What you have to do: Please repeat, exactly and without pictures, the lines of the entries below that run from the one containing "通过自研的服务层、、、中间适" through the one containing "Papildu informācija: Darba".
(Data listing Opens)
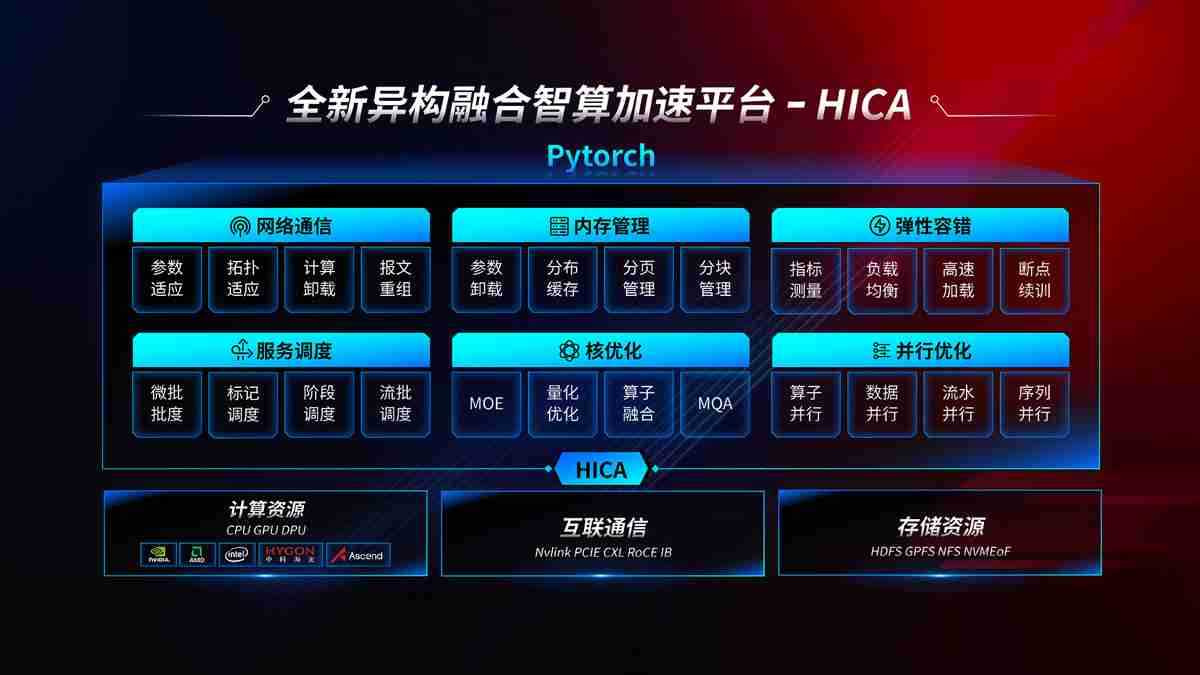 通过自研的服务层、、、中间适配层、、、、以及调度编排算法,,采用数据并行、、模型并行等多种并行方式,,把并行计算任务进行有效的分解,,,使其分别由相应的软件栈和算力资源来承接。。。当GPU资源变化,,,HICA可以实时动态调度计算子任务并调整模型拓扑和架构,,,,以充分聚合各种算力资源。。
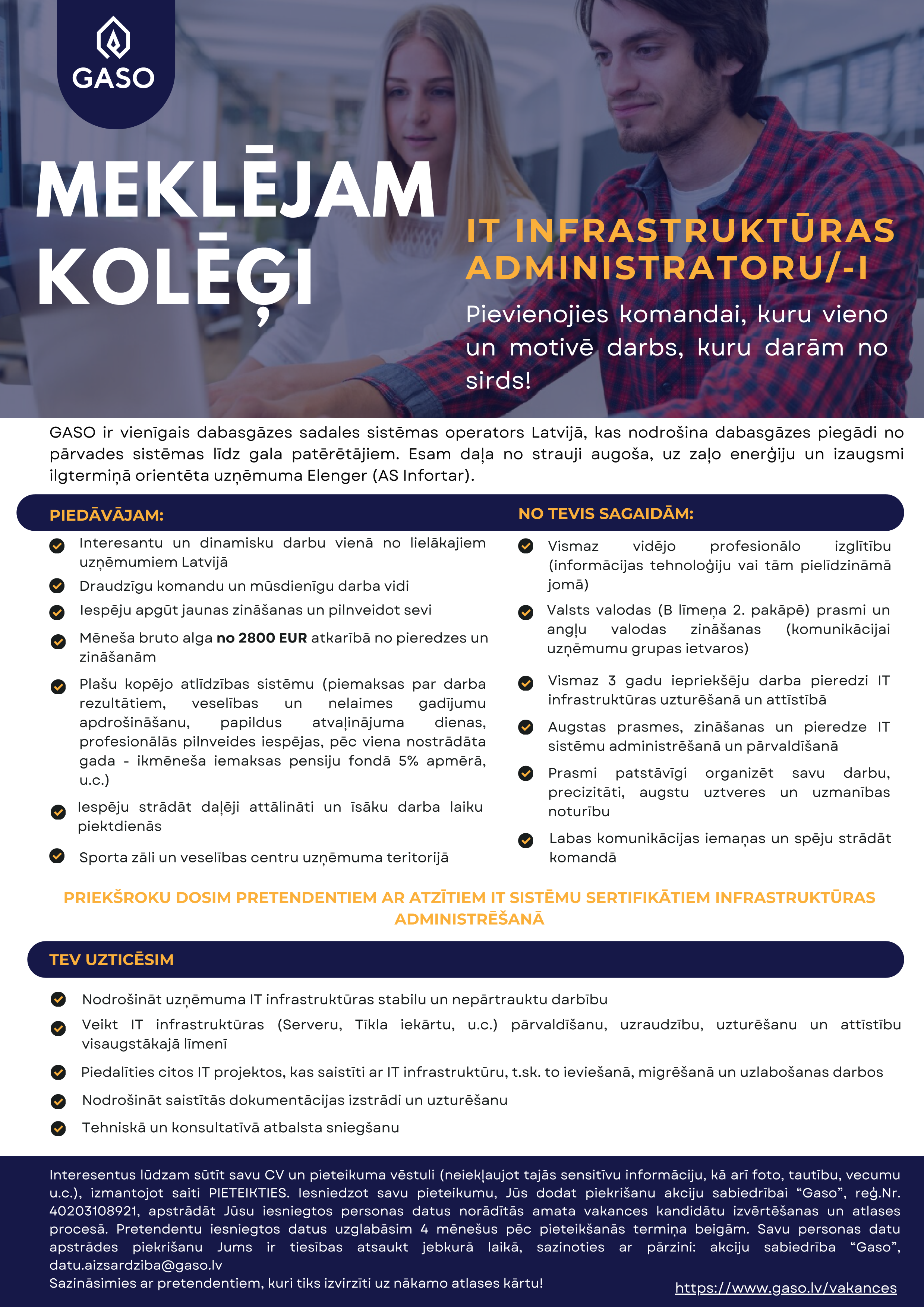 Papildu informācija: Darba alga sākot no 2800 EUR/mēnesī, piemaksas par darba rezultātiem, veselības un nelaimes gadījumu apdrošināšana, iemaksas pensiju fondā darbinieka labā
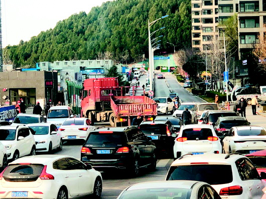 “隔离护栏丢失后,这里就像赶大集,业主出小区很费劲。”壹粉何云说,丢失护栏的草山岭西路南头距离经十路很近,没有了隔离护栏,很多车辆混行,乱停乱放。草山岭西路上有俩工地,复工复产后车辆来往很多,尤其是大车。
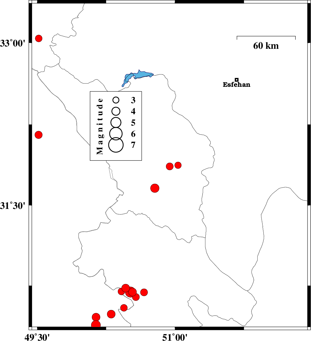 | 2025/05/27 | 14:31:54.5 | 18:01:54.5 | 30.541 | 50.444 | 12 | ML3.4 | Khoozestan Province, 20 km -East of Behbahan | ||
(Data listing Closes)
(Data listing Opens)
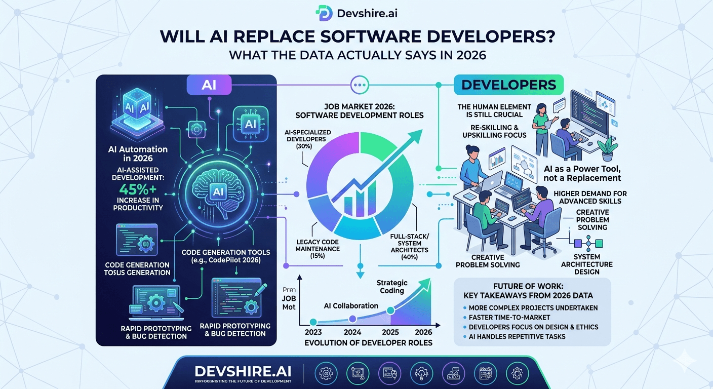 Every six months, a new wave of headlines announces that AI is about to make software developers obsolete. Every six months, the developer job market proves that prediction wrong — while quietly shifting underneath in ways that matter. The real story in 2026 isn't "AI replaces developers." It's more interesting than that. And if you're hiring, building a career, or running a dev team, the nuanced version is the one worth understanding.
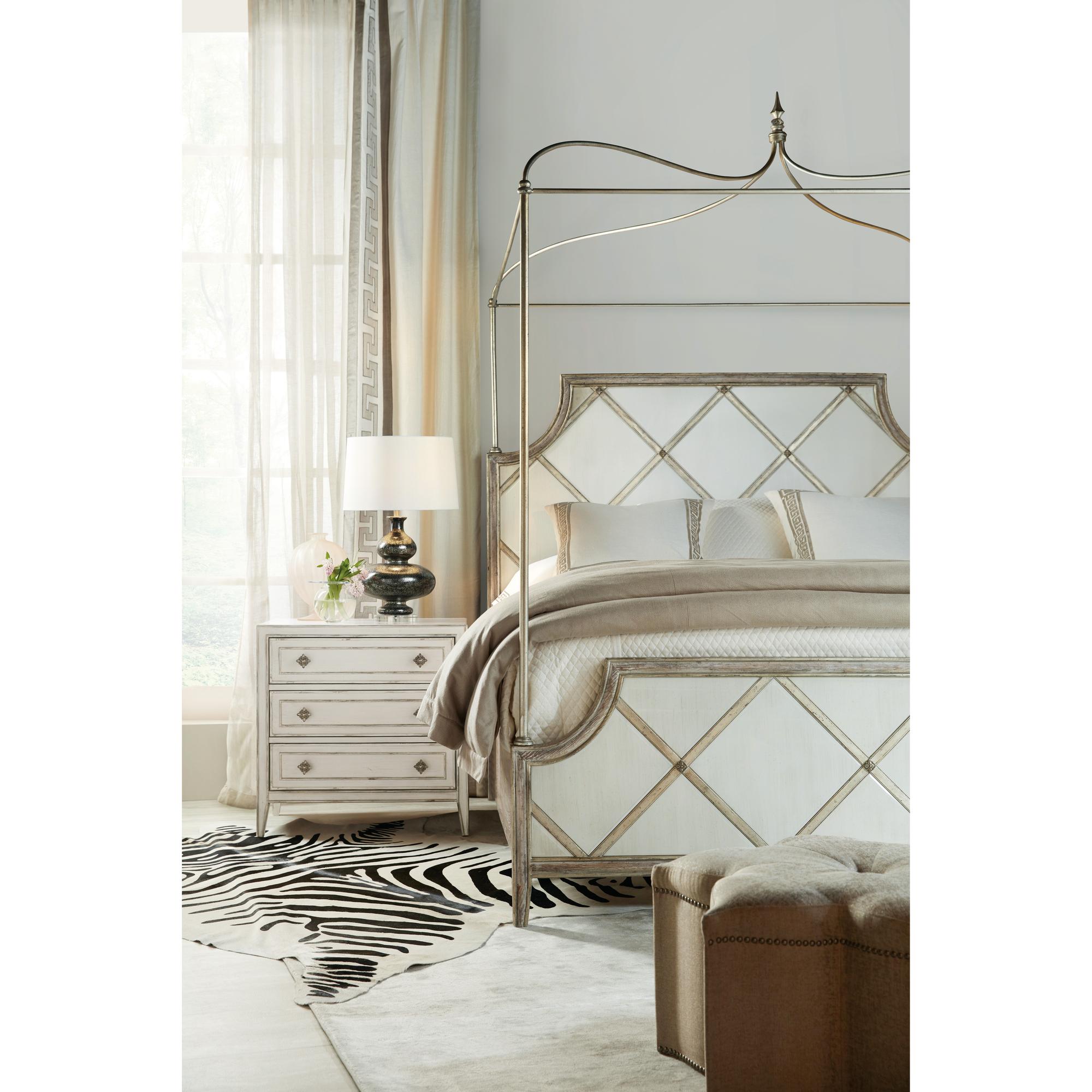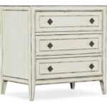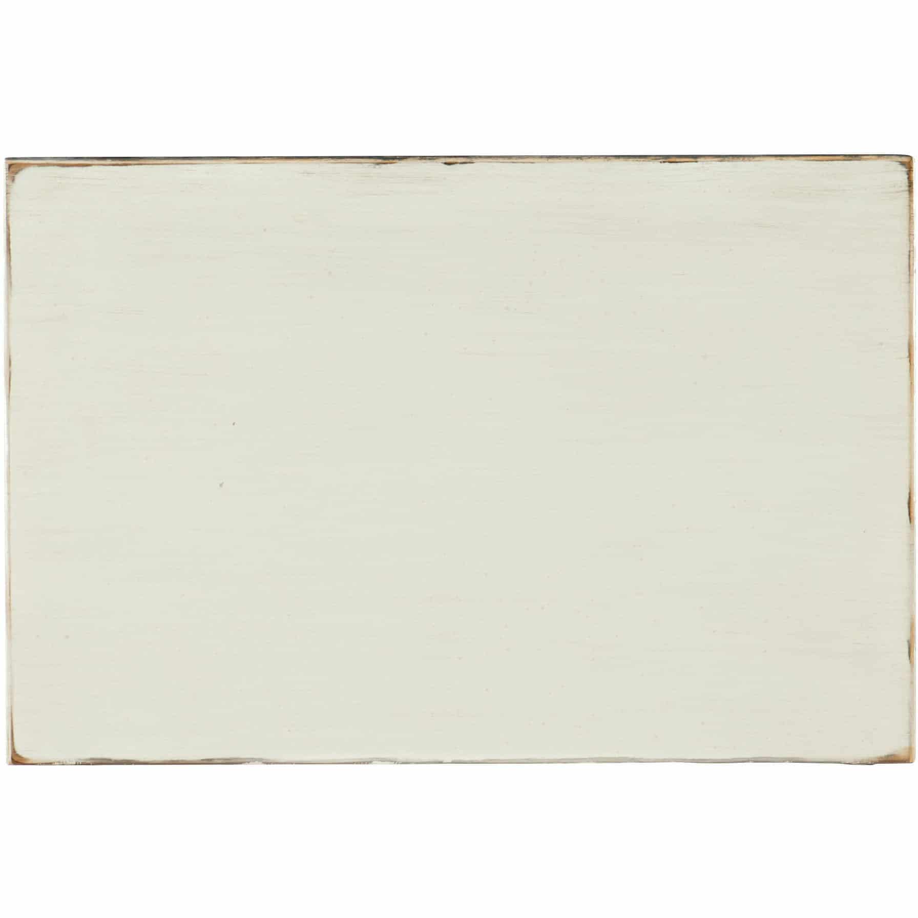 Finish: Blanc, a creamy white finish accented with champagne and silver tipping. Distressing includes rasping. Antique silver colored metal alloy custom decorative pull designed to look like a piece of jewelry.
(Data listing Closes)
(Data listing Opens)
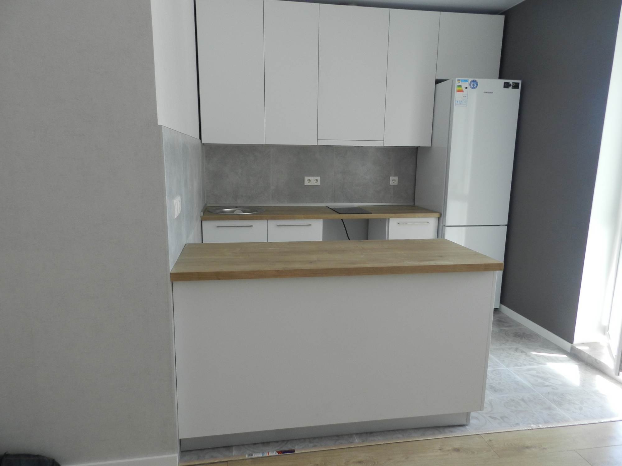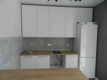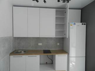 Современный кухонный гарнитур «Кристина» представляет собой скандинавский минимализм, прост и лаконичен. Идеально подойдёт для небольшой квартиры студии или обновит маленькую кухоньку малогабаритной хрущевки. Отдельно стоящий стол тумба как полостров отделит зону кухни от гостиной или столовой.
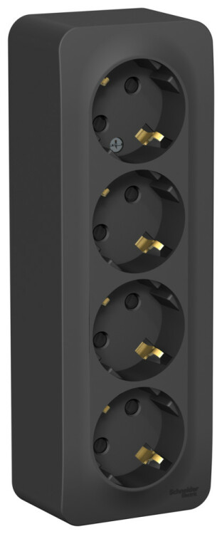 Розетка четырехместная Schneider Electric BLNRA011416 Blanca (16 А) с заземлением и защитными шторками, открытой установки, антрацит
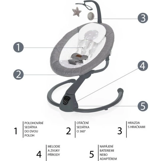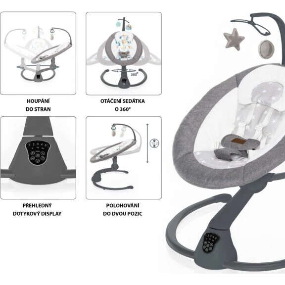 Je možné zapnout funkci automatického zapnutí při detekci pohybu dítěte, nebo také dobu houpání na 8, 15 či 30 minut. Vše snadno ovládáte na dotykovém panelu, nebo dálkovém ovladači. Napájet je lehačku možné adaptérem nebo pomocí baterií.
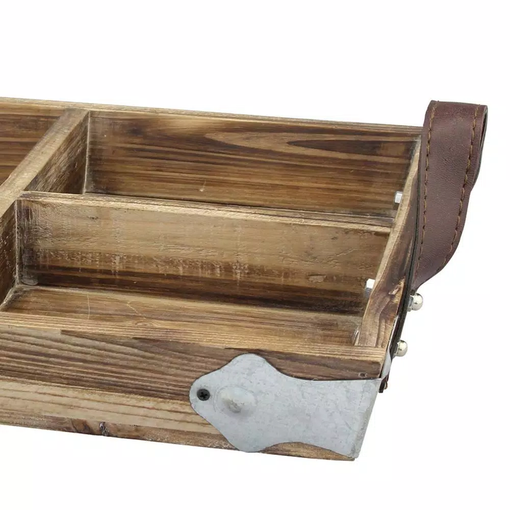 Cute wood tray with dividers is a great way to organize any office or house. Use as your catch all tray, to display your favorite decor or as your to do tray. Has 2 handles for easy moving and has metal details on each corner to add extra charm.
(Data listing Closes)
Response to the exercise:
 通过自研的服务层、、、中间适配层、、、、以及调度编排算法,,采用数据并行、、模型并行等多种并行方式,,把并行计算任务进行有效的分解,,,使其分别由相应的软件栈和算力资源来承接。。。当GPU资源变化,,,HICA可以实时动态调度计算子任务并调整模型拓扑和架构,,,,以充分聚合各种算力资源。。
 Papildu informācija: Darba alga sākot no 2800 EUR/mēnesī, piemaksas par darba rezultātiem, veselības un nelaimes gadījumu apdrošināšana, iemaksas pensiju fondā darbinieka labā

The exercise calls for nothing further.